Le temps presse: un million d'espèces sont menacées d'extinction, un tiers des terres sont gravement dégradées, la fertilité des sols et la pureté de l'eau compromises, tandis que les océans sont mise en péril par la pollution et le changement climatique.
"Nous sommes encore très loin du but, mais nous voyons la lumière au bout du tunnel", veut croire Marco Lambertini, patron du WWF international, qui constate "une implication plus constructive" qu'au début du sommet.
"On voit se dessiner un marché où les pays du Sud disent qu'ils n'accepteront pas de s'engager sur des ambitions fortes sans des financements correspondant en face", résume Sébastien Treyer, directeur général du think-tank IDDRI.
Le Brésil a réitéré samedi, au nom du continent africain et de 14 autres pays dont l'Inde et l'Indonésie, leur demande de "subventions financières d'au moins 100 milliards de dollars par an ou 1 % du PIB mondial jusqu'en 2030".
- Fonds mondial biodiversité -
Une augmentation jugée irréaliste par les pays riches, pour qui l'aide au développement dédié à la biodiversité en 2020 représentait 10 milliards de dollars par an en 2020.
"Si aujourd'hui on est à 10 milliards, parler de 100 milliards d'un coup tétanise la conversation", prévient l'ambassadrice française à la COP15, Sylvie Lemmet, alors que les pays riches ont tenu leurs engagements de doubler l'aide au développement dans la décennie précédente.

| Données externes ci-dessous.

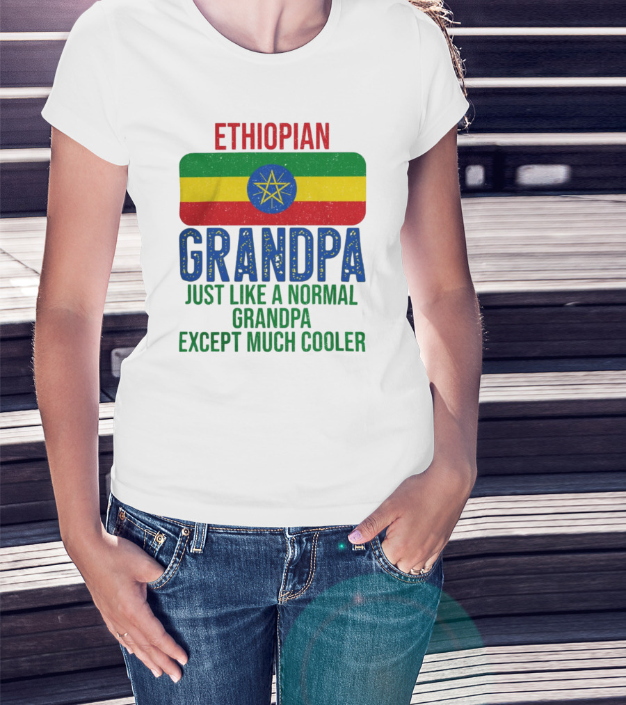 The Ethiopian Grandpa Just Like a Normal Grandpa Except Much Cooler Ethiopia Flag T-shirt is designed for everyday wear and a consistent fit. Fabric is pre-shrunk ring-spun cotton with durable stitching. See the size chart below for exact measurements.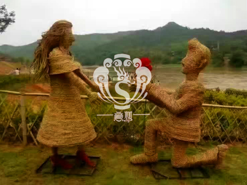 稻草人藝術,不僅充分利用的稻草秸稈制作出各種有趣的形象,與此同時還能減少秸稈的焚燒,為我們的藍天白云,子孫后代做一份貢獻!現在的精致稻草人藝術通常是由專業美術老師的造型放樣,然后由焊工師傅焊接出立體造型造型,然后以稻草或者稻草繩為材料編捆制作而成。
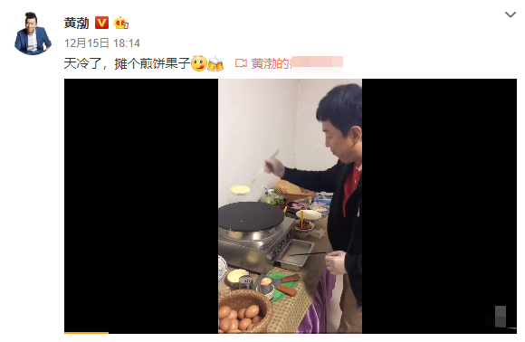 12月15日晚,黄渤在网络上分享一则摊煎饼果子的视频,并配文写道:“天冷了,摊个煎饼果子!”对于自己的操作,黄渤自称摆摊的时候练过,非常的逗趣。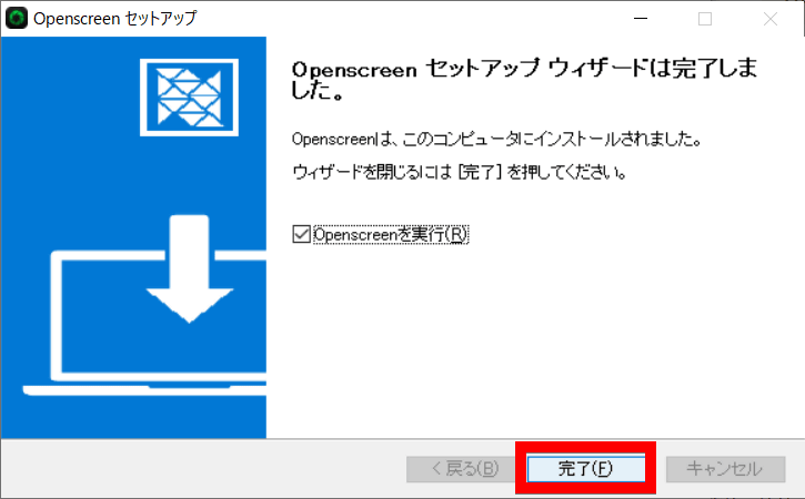 インストールが終わったら「完了」をクリックします。

L'Union européenne s'oppose aussi à la création d'un nouveau fonds mondial sur la biodiversité, réclamé par plusieurs pays d'ici la COP16 de 2024 en Turquie.
Une solution jugée inefficace par le Nord, qui préfère pousser à une réforme de la finance mondiale, publique et privée, et à une meilleure utilisation des ressources nationales. Ainsi qu'à la réduction des subventions négatives pour la nature, notamment à l'agriculture via les engrais et les pesticides, objet de vifs débats avec le Brésil et l'Argentine.
Les Etats-Unis, même s'ils ne font pas partie de la négociation, faute d'avoir ratifié la Convention sur la biodiversité, jouent un rôle crucial dans l'équation financière susceptible de débloquer l'accord.
"Nous avons réapprovisionné le Fonds pour l'environnement mondial (FEM) cette année, la contribution américaine a été plus importante que jamais", a souligné lundi l'ambassadrice environnement américaine Monica Medina.
Pour lever les obstacles, les yeux sont tournés vers la Chine, présidente de la COP15, jugée trop "attentiste" ou "passive" dans les couloirs du sommet.
Une critique balayée par l'ambassadrice française, qui salue une "présidence chinoise très impliquée", "à l'écoute des parties" et qui "s'engage bilatéralement".
Lundi, les négociateurs ont repris à huis clos les débats. "C'est encourageant", a déclaré lundi Elizabeth Mrema, cheffe de la CDB mais cela reste une "route semée d'embûches".